Wanted: One Okra Pod

We have a garden. Tomatoes, cucumbers, dill, jalapeños and okra. Just the basics for pickling and enjoying BLTs and fried okra. And, we have a kitten, Freckles.

Freckles has, as previously noted, been hard at work training her humans to know the meaning of each look and mew. She has a high, squeaky voice and she’s hard to ignore. She also likes to explore things and touch them and make them disappear. Until recently house shoes and socks have been her specialty.

Which brings us to the subject at hand: We’re having to pick the tomatoes when they’re orange because otherwise the birds are sampling them for us. If they’d just eat a whole tomato that would be fine, but pecking here and there is playing havoc with the crop. They share this bad habit with the squirrels, who, in the fall, taste test the pecans and then discard them even if they look very good to us. What do we know? 

So the orangey tomatoes are on the counter ripening. The cucumbers usually get pickled the day they’re picked. The okra… ah, the okra. No matter that I pre-germinated the seeds and carefully planted them. A large number refused to break the soil and those that have have been slow to set the pods. So there aren’t enough to make a “mess” at any one time. I’ve left a few on the counter. 

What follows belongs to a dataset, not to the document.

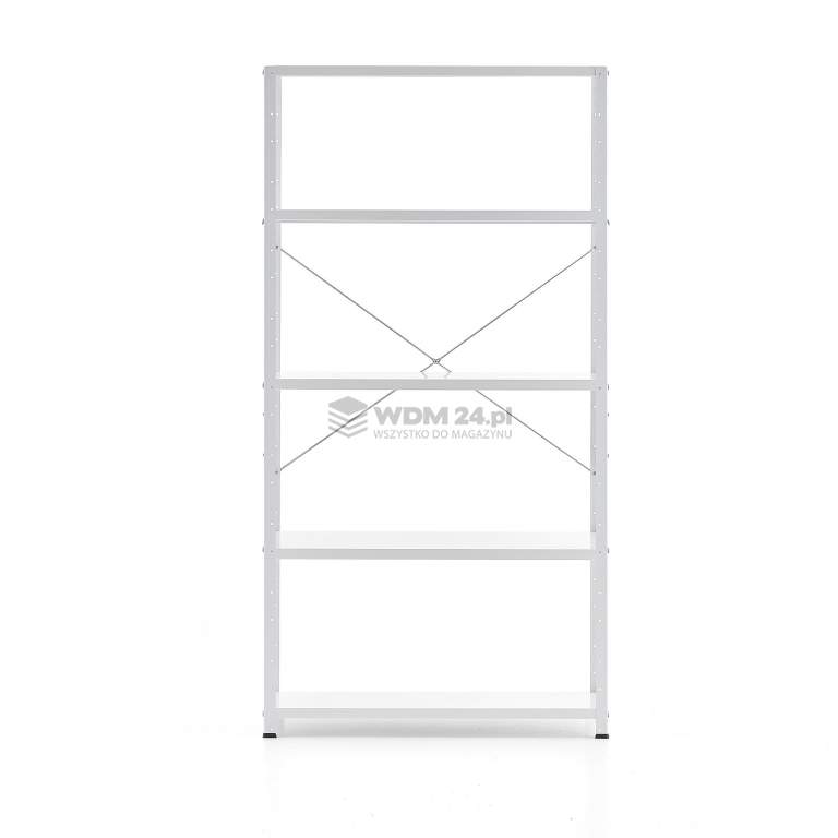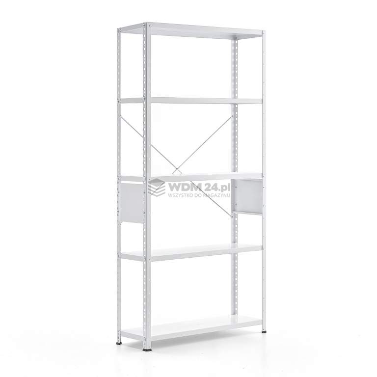 Prezentowany regał dostarczany jest z pięcioma półkami. Łatwa regulacja wysokości półek w odstępach co 40 mm dla większej funkcjonalności. Stężenie krzyżowe tylne i ramy boczne wzmacniają solidną konstrukcję regału i zapewniają dodatkową stabilność. Regał jest wyposażony również w stopki, które zapobiegają zarysowaniu podłogi.

I picked five pods Saturday. After we were gone a while on Sunday for Father’s Day, I came home to find a tomato on the kitchen floor and the okra scattered. At least four okra pods were. I have yet to find the fifth. 

I hope this doesn’t turn out like the time I hid real Easter eggs in the house and we didn’t find the one under the ottoman until we could follow our noses to it. Okra doesn’t rot, does it?